5Sociale angst kan erfelijk zijn
Met dank aan University of Wisconsin-Madison
In 2015 gepubliceerd in Proceedings van de National Academy of Sciences van de Verenigde Staten van Amerika en geleid door Ned Kalin van de Universiteit van Wisconsin-Madison, werd aangetoond dat het functioneren van bepaalde delen van de hersenen gerelateerd kan zijn aan een genetische aanleg voor een angstig temperament.
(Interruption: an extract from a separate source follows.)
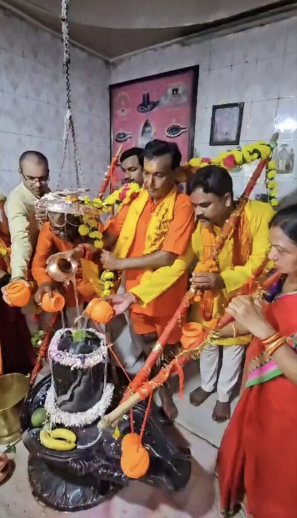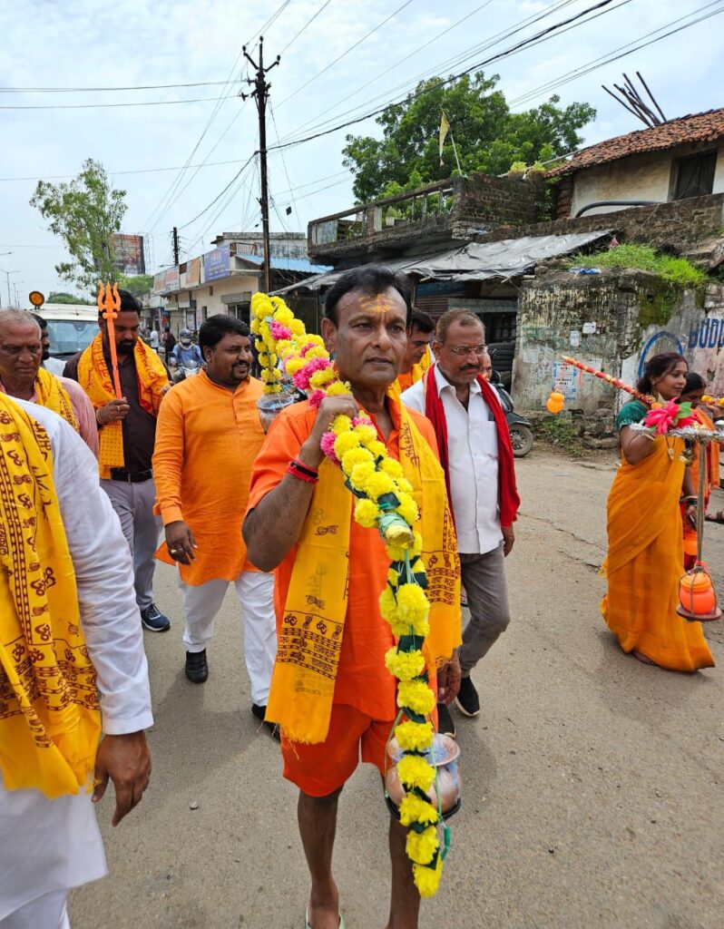 कांवर यात्रा से पहले जिला कांग्रेस कमेटी के अध्यक्ष विजय केशरवानी सावन सोमवार के अंतिम सोमवार को मनियारी नदी के किनारे स्थित रुद्र शिव का दर्शन किया। शिव मंदिर में जलाभिषेक व पूजा अर्चना के बाद मोहभट्ठा स्थित महादेव मंदिर पहुंचे। शिव मंदिर में पूजा अर्चना,जलाभिषेक के बाद महाआरती में शामिल हुए। यहां से सीधे तिफरा स्थित बछेरा तालाब पहुंचे। बछेरा तालाब से विजय की अगुवाई में यदुनंदन नगर शिव मंदिर के लिए कांवर यात्रा प्रारंभ हुई।

De studie keek naar 600 rhesusapen uit een grote familie met meerdere generaties. Met behulp van een taak waarbij de jonge apen werden geconfronteerd met een bedreiging (een vreemdeling die er niet naar keek), gebruikten de onderzoekers hoge resolutie functionele en structurele hersenbeelden..
Wat ze vonden was dat er overactiviteit was in drie hersengebieden (het prefrontaal-limbisch-middenhersen circuit) onder angstige jonge apen..
Ze bepaalden ook dat 35% van de variatie in angstdendens werd verklaard door de familiegeschiedenis.
Interessant is dat de drie gebieden van de hersenen die betrokken waren overlevingsgerelateerd zijn: de hersenstam (primitieve hersenen), amygdala (angstcentrum) en prefrontale cortex (redenering op hoog niveau).
Deze studie vertelt ons dat angst genetisch is doorgegeven omdat het evolutionaire waarde had - dat van het vermijden van gevaar.